La première a trait aux inégalités sociales. Les États-Unis sont devenus au cours des quarante dernières années le pays dit développé, le pays le plus inégalitaire. L’administration Obama n’a pas fait ce qu’il fallait faire pour établir un minimum d’équité. Avec Trump, on était sous une forme de ploutocratie. Avec la nouvelle administration, on assiste à un effort qui unit les démocrates traditionnels et l’aile progressiste dont une partie du programme est reprise par Biden. C’est un effort réel de restauration d’équité sociale. Biden lie lui-même cette question-là aux enjeux internationaux, en affirmant que c’est en trouvant des solutions internes que l’on restaurera la puissance américaine dans le monde.

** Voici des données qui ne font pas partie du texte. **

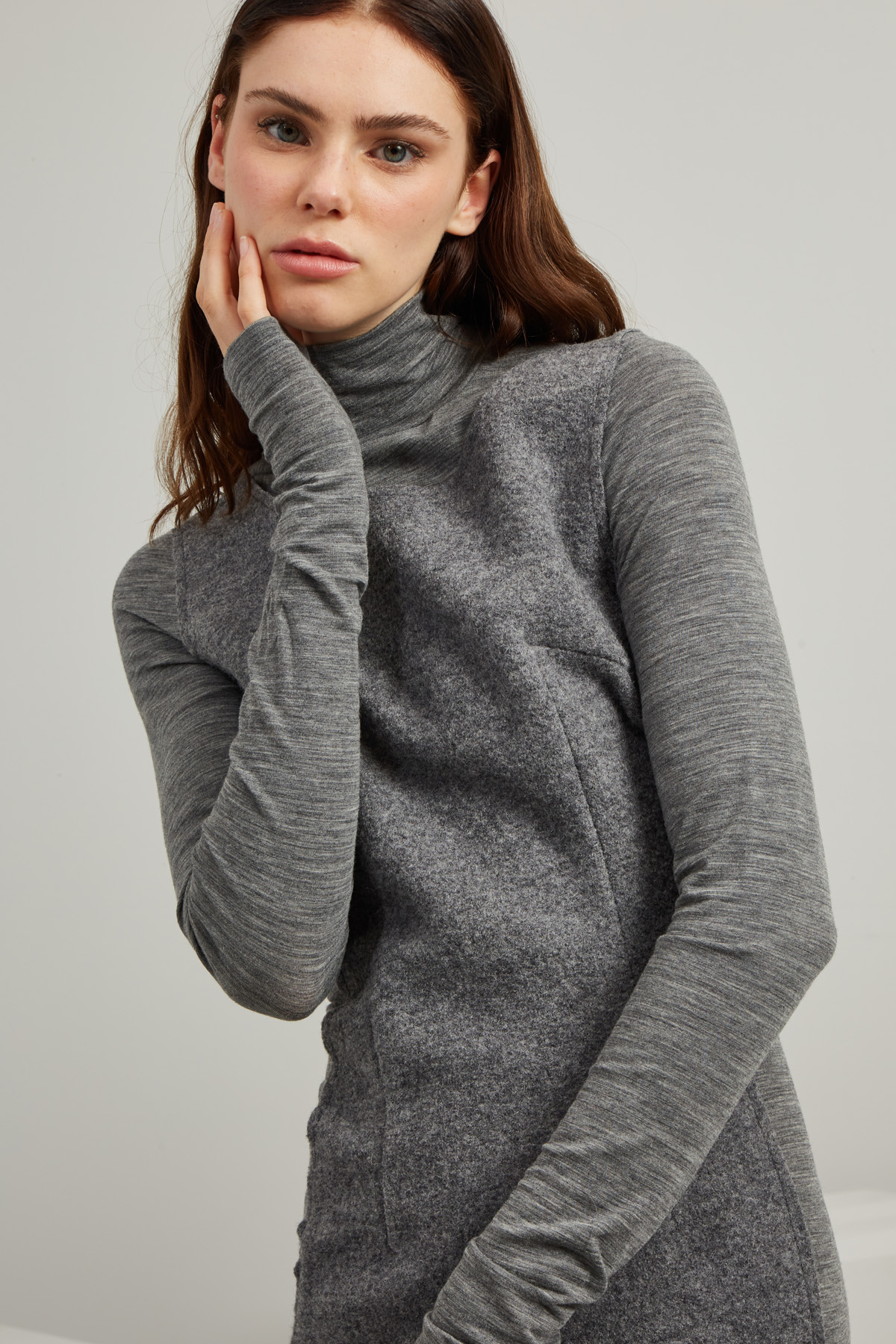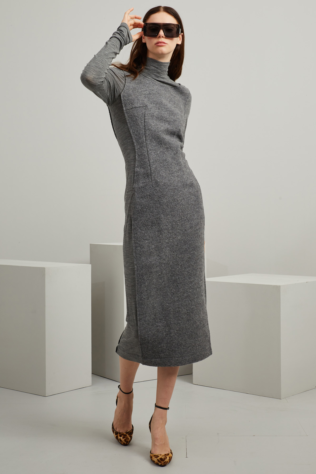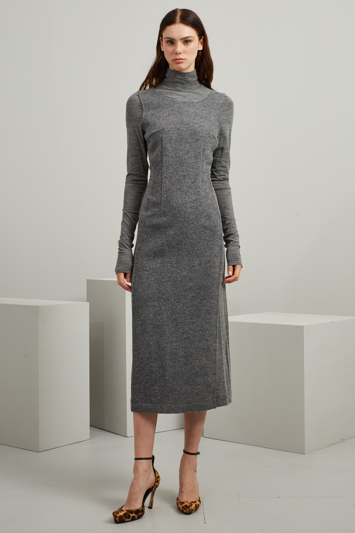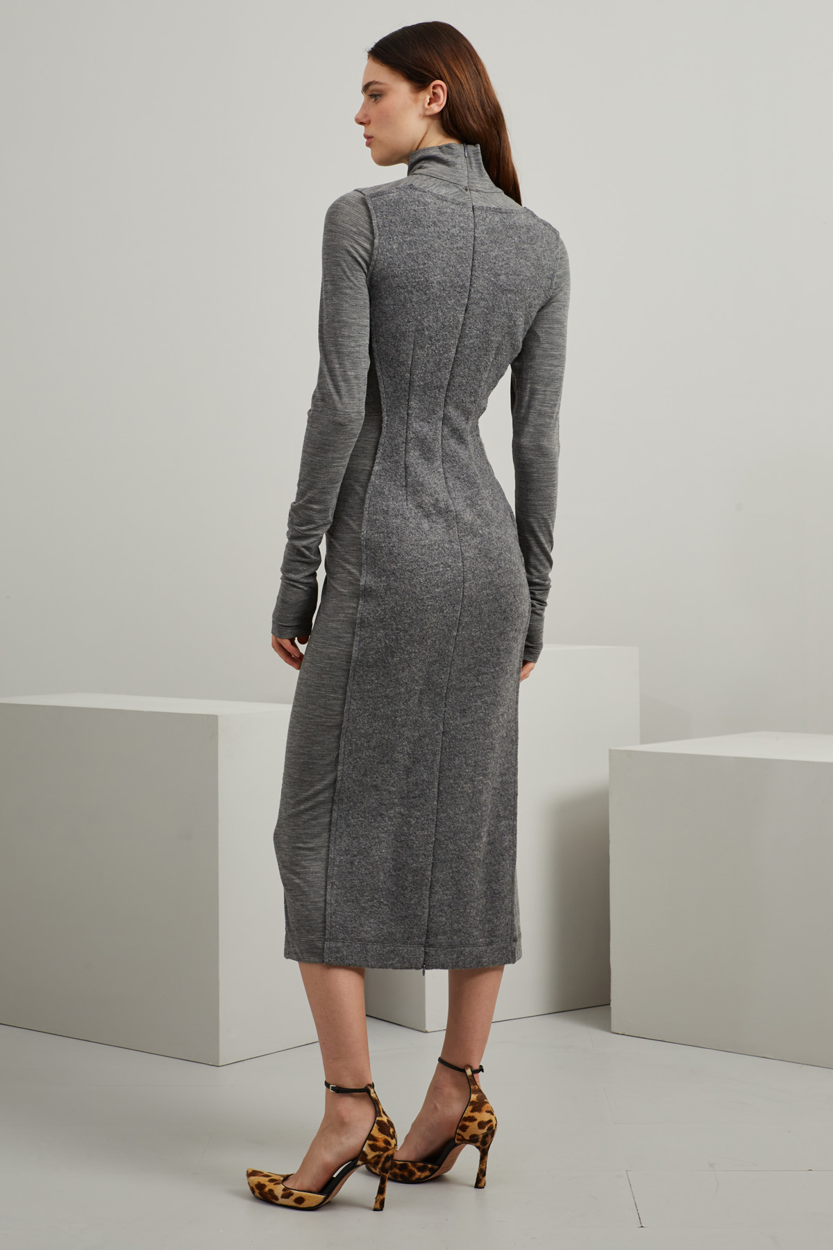 Tubino midi dalla linea semiaderente realizzato in tessuto garzato di pura lana, con inserti in jersey di lana stretch, collo alto, maniche lunghe e allacciatura tramite zip nel retro.
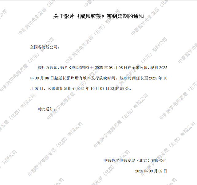 关于影片《威风锣鼓》2次密钥延期的通知

Deuxième problème, historique, plus long, plus ancré, qui vient en intersection du premier problème : la « question raciale ». Il y a eu quelques progrès, certes, mais on reste en deçà de ce que l’on aurait pu attendre après le mouvement des droits civiques. Une grande partie des Noirs souffrent encore d’une très grande vulnérabilité économique et sociale, de répression continue de la part des forces de sécurité. Cette question touche à la fois à la « classe » et à la « race », puisque les Afro-Américains sont surreprésentés parmi les couches sociales vulnérables du pays. Troisième question : le genre. Ce n’est pas une question nouvelle, mais cela devient un enjeu de plus en plus central dans la société américaine. Ces trois enjeux sont fondamentaux pour que les États-Unis avancent dans une voie progressiste. Il y a une résistance à cette avancée progressiste. Le phénomène Trump peut être interprété comme un symptôme : celui d’une réaction (dans le sens originel du terme) d’une arrière-garde toujours puissante, d’une minorité importante, mais non dominante, de la société américaine blanche concentrée dans le sud et l’ouest du pays contre la transformation démographique multinationale qui transforme le pays en profondeur et qui le transformera encore plus dans les dix à quinze ans à venir. La résistance virulente face à ces changements reflète la crainte de la perte de couches importantes de la population de leur hégémonie historique, culturelle et raciale qui explique en partie la violence autour du débat racial.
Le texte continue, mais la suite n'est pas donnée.